There are many things that the human race has been addicted to since the beginning of time. Probably one of the first and most primal addictions was adrenaline. The cave man knew not why he enjoyed the hunt so much other than the feeling of accomplishment once the kill was on its way home to feed his fellow tribesman and woman. What he didn't realize was that a catecholamine secreted by the adrenal medulla in response to stress was stimulating an autonomic nerve action; in other words, an adrenaline rush. A day in the life of a Neanderthal wasn't overly exciting, I imagine. Suddenly, during the thrill of a chase, the danger of the kill, he felt alive. He felt new and refreshed, like there was a reason he was alive. His body tingled with the very sensation. His hearing was more keen, his sight more honed in, and his nose far more sensitive. He could feel every breath of air that swept past his bare arms.
Man has had the grand misfortune of finding many more highly addictive substances over the past couple of million years, some of which we've discovered how to fabricate for ourselves. The number of drug and alcohol addictions in this country is staggering!
One must wonder who it was who discovered that this horrible, tiny, hard, bitter bean would be wonderfully pungent and delicious once ground into dust and hot water was filtered through it. Did you know that Americans use more than 2.3 billion pounds of coffee beans each year? We are addicted to caffeine!

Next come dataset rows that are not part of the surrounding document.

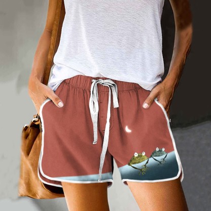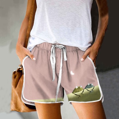 Simple Frog Color Block Print Drawstring Pocket Shorts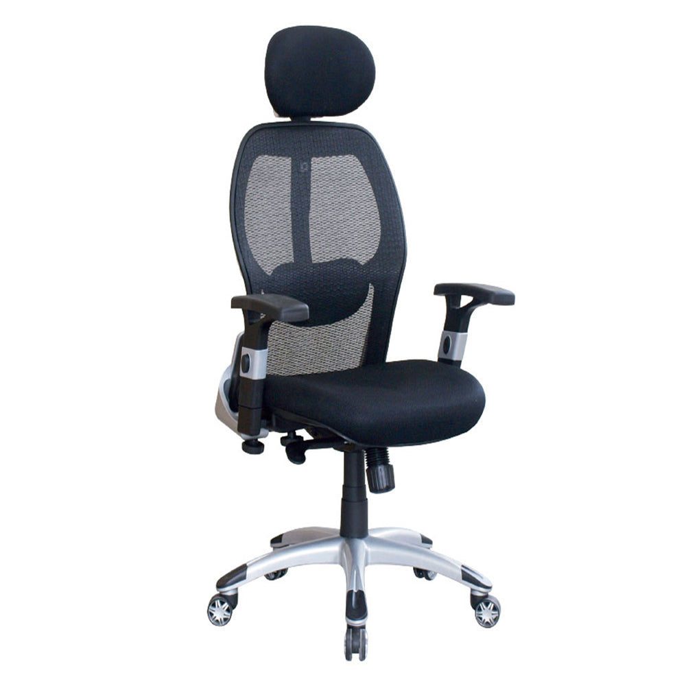Addequar ofrece una silla con :Ruedas en goma piso duro.Base de 5 puntas, Pintada de Gris.Elevación Neumática.Basculante Mecanismo Avanzado, 4 Bloqueos Brazos Ajustables Verticalmente.Apoyo Lumbar, ajustable en Vertical y Profundidad.Cabeceros Ajustable en Altura y Basculante.Tapizada en Malla Antitranspirante color Negra.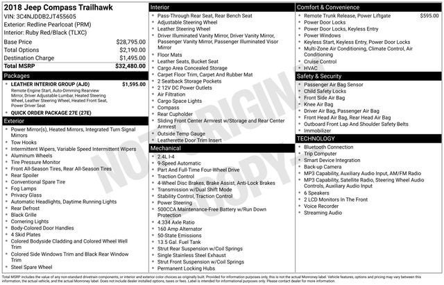 Discover the perfect balance of capability and comfort in the 2018 Jeep Compass Trailhawk. This striking red SUV boasts a powerful 2.4L I4 engine paired with a 9-Speed Automatic transmission and 4WD, delivering an impressive 22 MPG in the city and 30 MPG on the highway.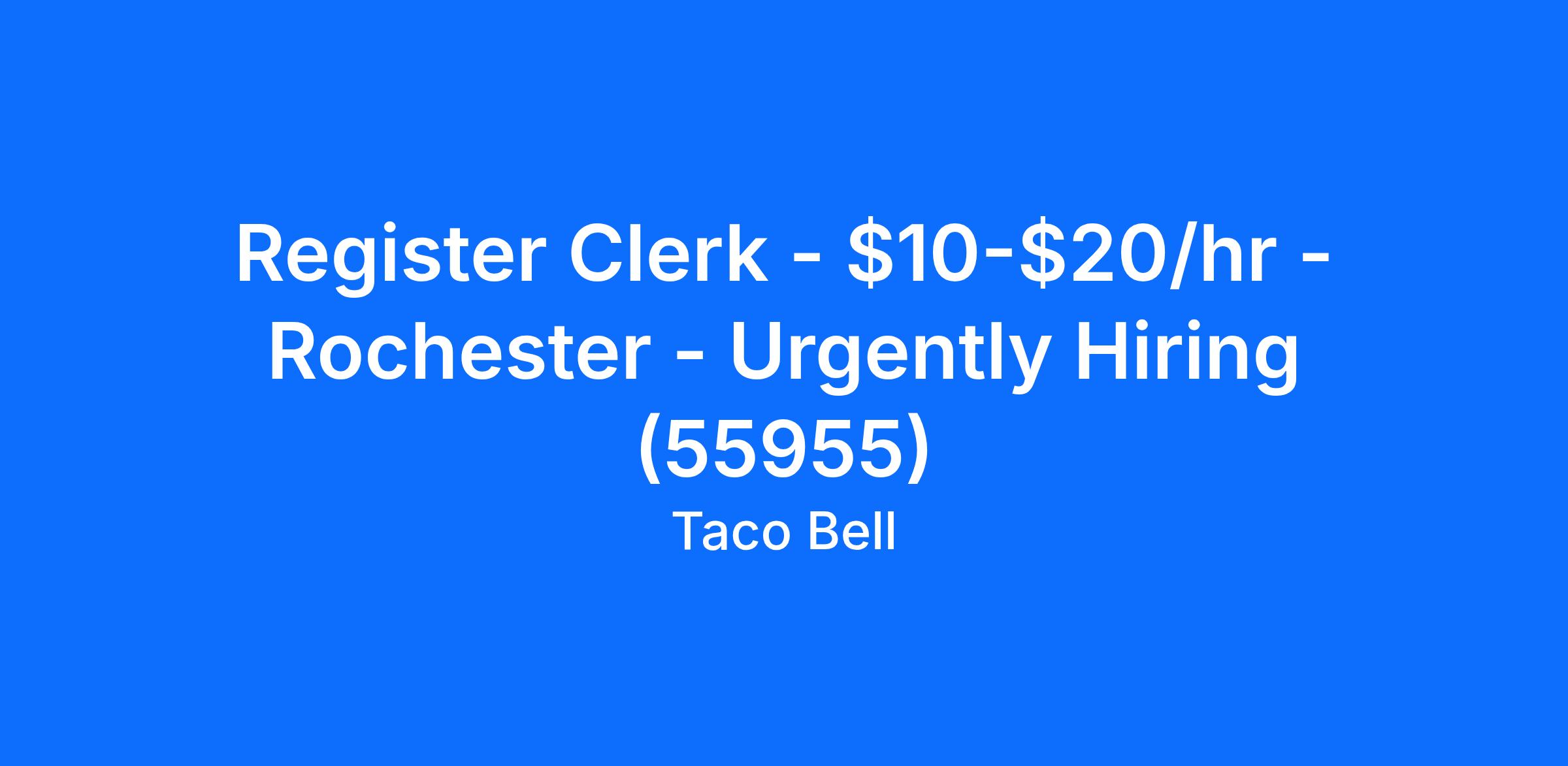 Register Clerk - $10-$20/hr - Rochester - Urgently Hiring (55955)

But my addiction is none of these. My addiction is something much more serious, and taken with a much more lighthearted attitude. My addiction is love. Some of you may sneer, jeer, jest, heckle, and just plain roll your eyes at this. Others may say that I'm either crazy or headed that way. Maybe so! All I know is that I love to be loved. I enjoy that feeling. I crave it! And I know that when I cant get the love I crave from the source I so desperately want it from, I become a very sad person. Its a horrible addiction, and one that I feel I am on the road to recovering from. I do not wish to live for that feeling. I don't want be depressed, sad, or lonely when I feel I don't get the attention I want. There will be times in my life when I wont be able to have that attention and I must learn to live with that. Just knowing that the one I've decided to give my own heart to loves me should be enough but I crave that interaction between two hearts and souls; that beautiful moment when nothing else in the world matters but the two in love.
I have known many that said they loved me, far less that meant it, and far fewer than that whom I have ever loved in return. Still, I let those who loved me believe that the feeling was mutual so as not to loose their love. Was that bad? Was it wrong? I believe it was, and yet I could not help myself for so long. Every time I had the opportunity to let one of those people I did not love fade off into the background, I seemed to pull them back in and dangle that carrot just out of reach once more.
It took so long to grow into the person I've become. I know now what I want in life, I know how to let go of those I do not and can not love, while at the same time holding tightly to those I do. I know finally what real love feels like. I know it's waiting for me - just patiently waiting. He's right there. Maybe he's waiting for an email or a text message from me... but he's out there. Very soon now, I'll be looking into his eyes as he looks deep into mine, soul mates seprated too long ago and forced into strange lives we were never meant to live appart.